New Zealand government fast tracks domestic spying laws

By John Braddock
22 June 2013

New Zealand’s conservative National Party-led government is fast tracking new laws to give the country’s external security agency, the Government Communications Security Bureau (GCSB), greater powers to spy on citizens and residents. The legislation, introduced under “urgency” provisions to curtail public debate, is designed to legalise GCSB activities that were found to be illegal by a report released in April.

The report by Rebecca Kitteridge, a senior public servant in Prime Minister John Key’s department, was ordered after revelations that the GCSB had acted illegally in spying on Kim Dotcom, a New Zealand citizen, whose home was raided by police in January 2012. Dotcom, founder of the Megaupload Internet file-sharing site, had begun legal action. Existing legislation forbids the bureau from intercepting the communications of NZ citizens or permanent residents. Kitteridge found that 55 GCSB operations over the past decade, involving up to 85 individuals, had been unlawful.

The GCSB’s activities were subsequently whitewashed in another review carried out by the Inspector-General of Intelligence and Security Paul Neazor. Unsurprisingly, Neazor, who is head of the country’s security apparatus, cleared the GCSB of acting unlawfully on the spurious grounds that the law was “unclear.”

However, the Key government is now exploiting Kitteridge’s findings to amend the 2003 GCSB Act and the 2004 Telecommunications Interception Capability Act. The changes will allow the GCSB to engage in domestic spying activities, both on its own behalf and in conjunction with the police, the Defence Force and the domestic spy agency, the Security Intelligence Service (SIS).

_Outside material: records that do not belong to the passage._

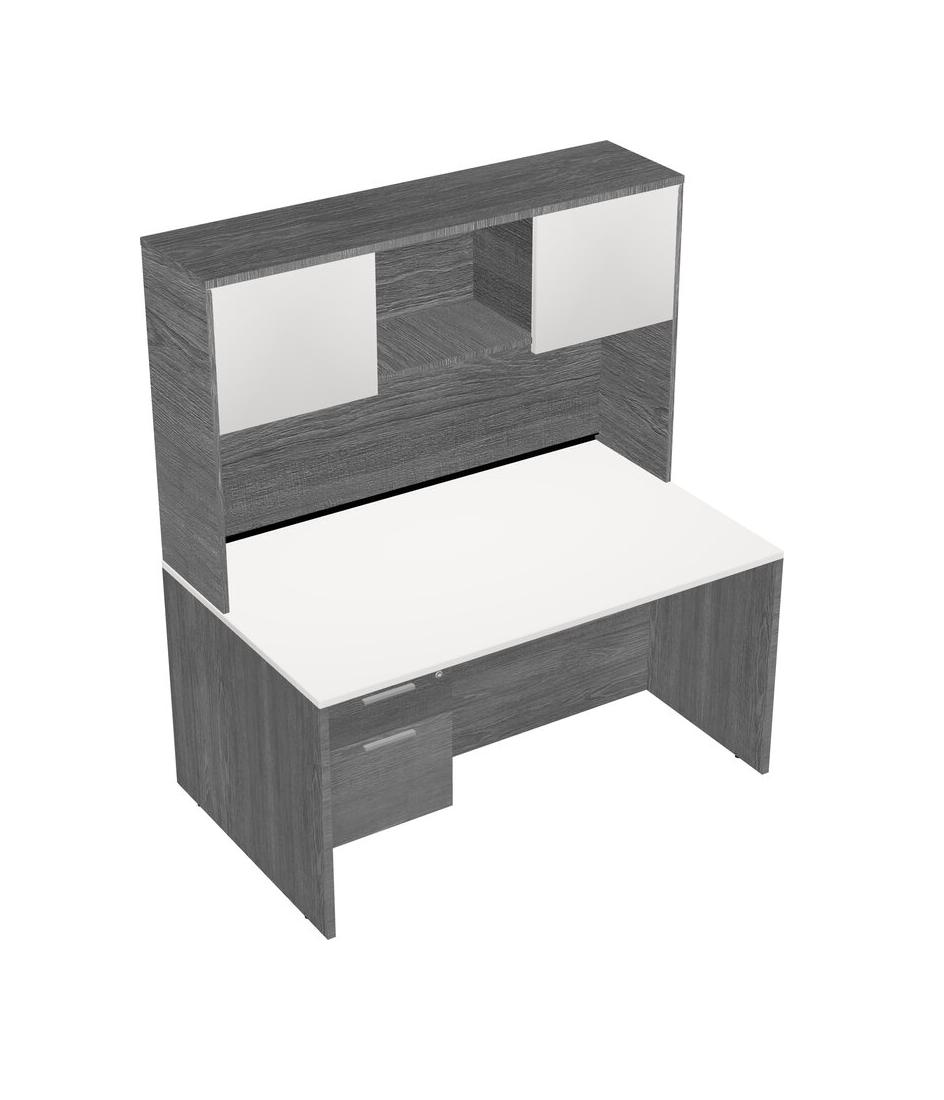 Bureau Rectangulaire Blanc Avec Tiroirs Suspendus Gris Et Bahut Gris
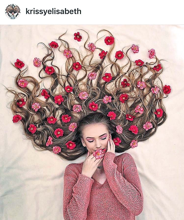 Художница из Нидерландов Крисси Элизабет создает из своих волос картины. Локоны она раскладывает причудливыми колечками и украшает пряди цветами и листьями. Зрелище заворожило уже почти 17 000 подписчиков.
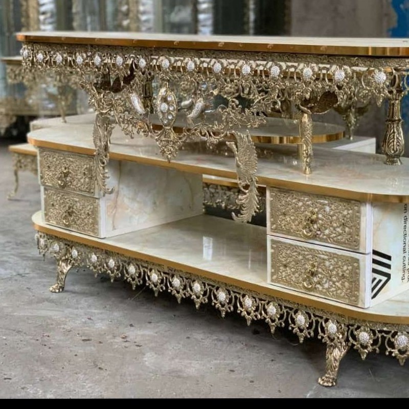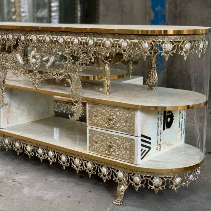 میز تلویزیون برنجی سایز 140 گل آفتابگردان بغل گرد طاووس دار ستون سرایی و ملایکه کد 340 مبلمونسرا مدل 220227
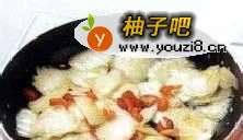 2炒锅置火上,加入花生油烧热,下入葱末、姜末爆出香味。放入白菜略炒。
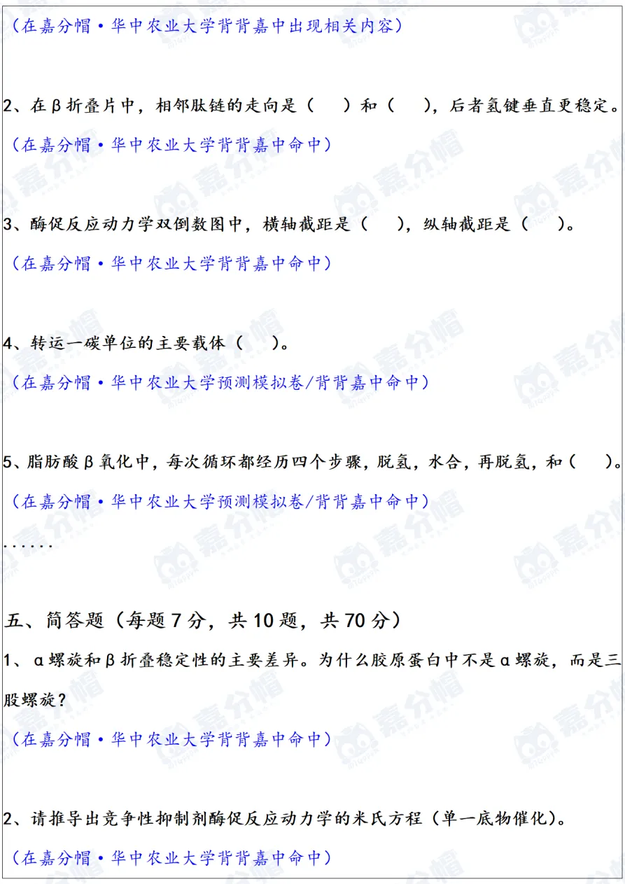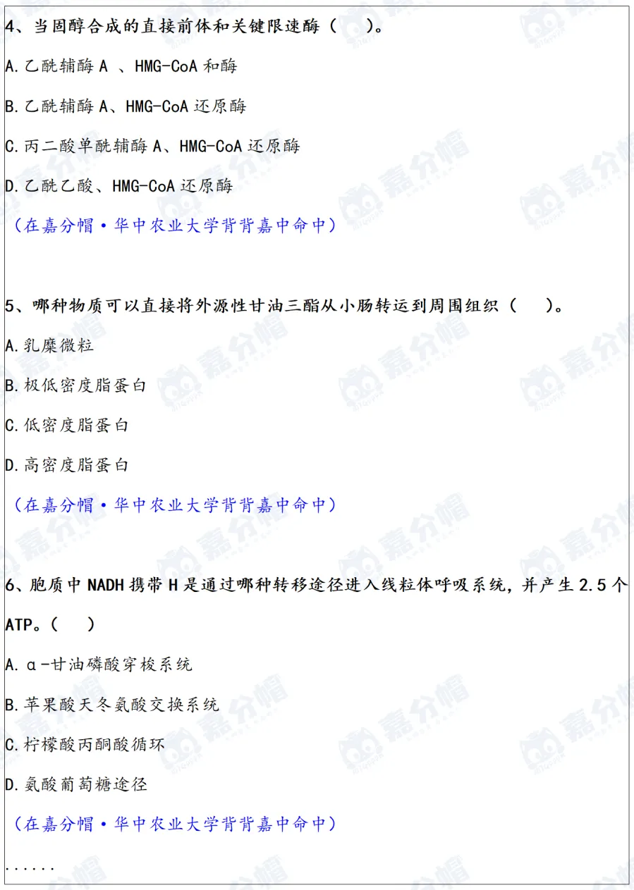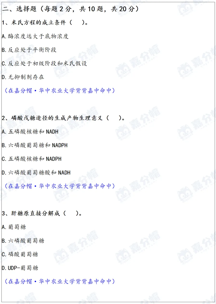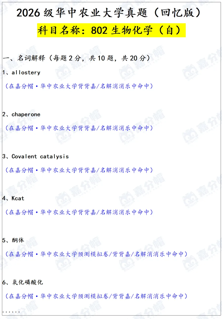 ↑ 华中农业大学 802生化 真题题型解读 ↑

Extensions to the GCSB Act will expand the bureau’s aims beyond “national security” to include contributing to “the international relations and well-being of NZ” and its “economic well-being.” It will also be empowered to provide advice to a range of unspecified public and private sector organisations.

The GCSB’s role in providing support to the SIS represents a de facto merger of the two agencies. In the New Zealand Herald on April 19, Gehan Gunasekara, an information privacy law specialist at Auckland University, warned that giving agencies such as the police access to GCSB capabilities would “extend their abilities to spy throughout the globe.”

The new Telecommunications Interception Capability and Security (TICS) Bill expands the GCSB’s interception capabilities, allowing them to monitor Internet service providers including email providers, Internet forums and file sharing sites. The TICS Bill also creates a new role for the GCSB to ensure the security of New Zealand’s telecommunications infrastructure, which includes wide powers to determine how communications networks are managed and implemented.

According to Thomas Beagle from Tech Liberty, the new legal powers for New Zealand agencies outstrip those in the United States, giving the GCSB “practically unlimited capacity to intercept New Zealand communications.” The principle of judicial oversight is done away with, and the framework is being established for a “surveillance state” where the government is always watching and recording everyone.

The GCSB is almost certainly party to the US National Security Agency’s (NSA) vast and illegal global spying operations exposed by whistleblower Edward Snowden. The NSA shares some of its data with agencies from four countries: Britain, Australia, New Zealand and Canada, collectively known as the “Five Eyes” alliance. This effectively permits the governments involved to circumvent any prohibition against gathering data on their own citizens by accessing the NSA’s massive data banks. As an integral part of this network, the GCSB operates the Waihopai satellite communications monitoring base, opened in the South Island in 1989.

In an interview with TV3 on June 11, Key fell into step with the international vilification of Snowden, sharply denouncing him as a “criminal”, and saying he should face the “full force of the law.” While Key has flatly refused to comment on any aspect of NSA activities and its links with New Zealand spy agencies, he has not denied that they exist.

In a carefully worded response to questions on the NSA’s data harvesting, Key declared: “We don’t ask foreign intelligence agencies to act in any way that circumvents the New Zealand law.” Given that the GCSB has repeatedly broken the law for the past decade, this is sheer sophistry.

Key acknowledged: “We do exchange—and it’s well known—information with our partners. We do do that. How they gather that information and whether they use techniques or systems like PRISM I can’t comment on that.”

Responsibility for the assault on democratic rights lies with National and Labour-led governments, supported by the Greens. Since 9/11, there has been, under pressure from Washington, a cross-party consensus on ramping up security and surveillance legislation. The previous Clark Labour government established the draconian 2001 Terrorism Suppression Act and the 2003 GCSB Act, which moved the bureau out of the Ministry of Defence and set it up as a stand-alone department. It was also responsible for SIS’s persecution of Algerian asylum seeker Ahmed Zaoui.

Labour and the Greens have criticised the Key government’s legislation and called for a “review” of the security apparatus. Such a review, however, would only serve to further increase spying operations. While posturing as defenders of Snowden, Labour and the Greens have lined up with the right-wing NZ First party in demanding criminal investigations into United Future MP Peter Dunne who was forced to resign from the cabinet on June 7 over allegations that he leaked the Kitteridge Report before its official release.